Confluence throws 500 error due to lock timeout in VCacheLock

Still need help?

The Atlassian Community is here for you.

Ask the community


Platform notice: Server and Data Center only. This article only applies to Atlassian products on the Server and Data Center platforms.

Support for Server* products ended on February 15th 2024. If you are running a Server product, you can visit the Atlassian Server end of support announcement to review your migration options.

*Except Fisheye and Crucible

Problem

Sometimes Confluence may respond with 500x error pages, have a general performance issue, or even a full outage, due to the lock timeout in VCacheLock which is used by I18NBean. 

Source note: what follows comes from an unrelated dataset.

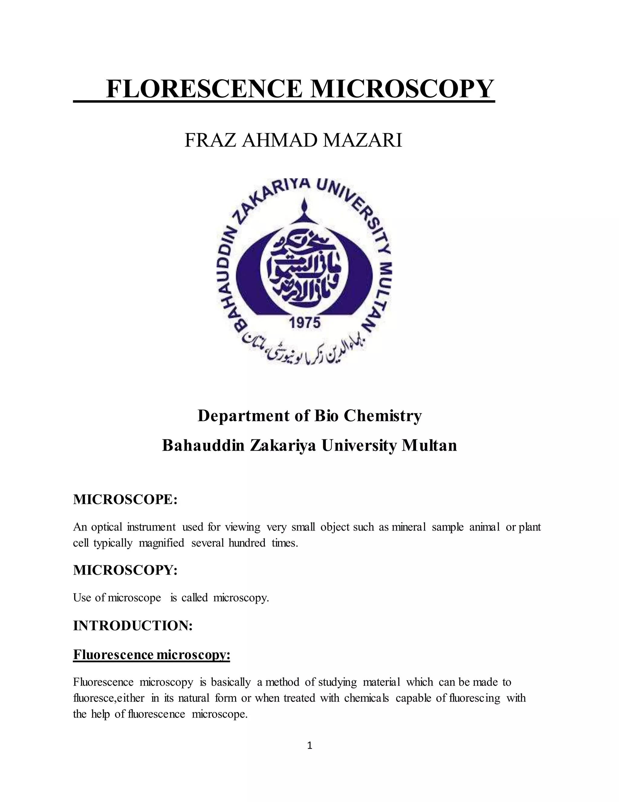 Fluorescence microscopy uses fluorescent dyes and high intensity light to illuminate samples and produce magnified images based on the emitted light from fluorophores rather than the illuminating light. There are several types of fluorescence microscopy including epifluorescence microscopy, confocal microscopy, two-photon excitation microscopy, and total internal reflection fluorescence microscopy. Epifluorescence microscopy is the most basic type and uses filter cubes to separate excitation and emission wavelengths. Confocal microscopy increases resolution by using a pinhole to reject out-of-focus light. Two-photon excitation microscopy penetrates deeper by using two lower energy photons simultaneously for excitation rather than one high energy photon. Total internal reflection fluorescence microscopy images fluorophores very close to a glass

Either of the following appears in the atlassian-confluence.log:

WARN [http-nio-8090-exec-143] [internal.core.service.VCacheLock] lockWithTimeout Timed out waiting for lock on cache: com.atlassian.confluence.util.i18n.I18NBeanFactory.by.locale

or:

ERROR [http-nio-8090-exec-1] [xhtml.view.macro.ViewMacroMarshaller] handleMacroExecutionException Error rendering macro: content-column
 -- url: /display/SPACEKEY/Page+Name | page: 123456789 | traceId: 7a94e4c4b2be88a0 | userName: user.name@example.com | referer: https://confluence.example.com/display/SPACEKEY/Page+Name | action: viewpage
java.lang.StackOverflowError
        at java.security.AccessController.doPrivileged(Native Method)
        at java.io.PrintWriter.<init>(PrintWriter.java:116)
        at java.io.PrintWriter.<init>(PrintWriter.java:100)
        at com.atlassian.confluence.util.PatternLayoutWithStackTrace.appendStackTrace(PatternLayoutWithStackTrace.java:43)
        at com.atlassian.confluence.util.PatternLayoutWithStackTrace.format(PatternLayoutWithStackTrace.java:30)
        at org.apache.log4j.WriterAppender.subAppend(WriterAppender.java:310)
        at org.apache.log4j.RollingFileAppender.subAppend(RollingFileAppender.java:276)
        at org.apache.log4j.WriterAppender.append(WriterAppender.java:162)
        at com.atlassian.confluence.logging.ConfluenceHomeLogAppender.append(ConfluenceHomeLogAppender.java:147)
        at org.apache.log4j.AppenderSkeleton.doAppend(AppenderSkeleton.java:251)
        at org.apache.log4j.helpers.AppenderAttachableImpl.appendLoopOnAppenders(AppenderAttachableImpl.java:66)
        at org.apache.log4j.Category.callAppenders(Category.java:206)
        at org.apache.log4j.Category.forcedLog(Category.java:391)
        at org.apache.log4j.Category.error(Category.java:322)
        at com.comalatech.confluence.workflow.DefaultWorkflowAccessor.getWorkflows(DefaultWorkflowAccessor.java:225)
        at com.comalatech.confluence.workflow.DefaultWorkflowAccessor.getWorkflows(DefaultWorkflowAccessor.java:303)
        at com.comalatech.confluence.workflow.DefaultWorkflowAccessor.getPageWorkflows(DefaultWorkflowAccessor.java:290)
        at com.comalatech.confluence.ipc.api.DefaultStateService.getCurrentState(DefaultStateService.java:118)
        at com.comalatech.confluence.ipc.api.DefaultStateService.getCurrentState(DefaultStateService.java:53)
        at com.brikit.comalaworkflowsservice.Comala.getPublishedVersion(Comala.java:74)
        at com.brikit.core.confluence.Confluence.getPublishedComalaWorkflowsVersion(Confluence.java:3137)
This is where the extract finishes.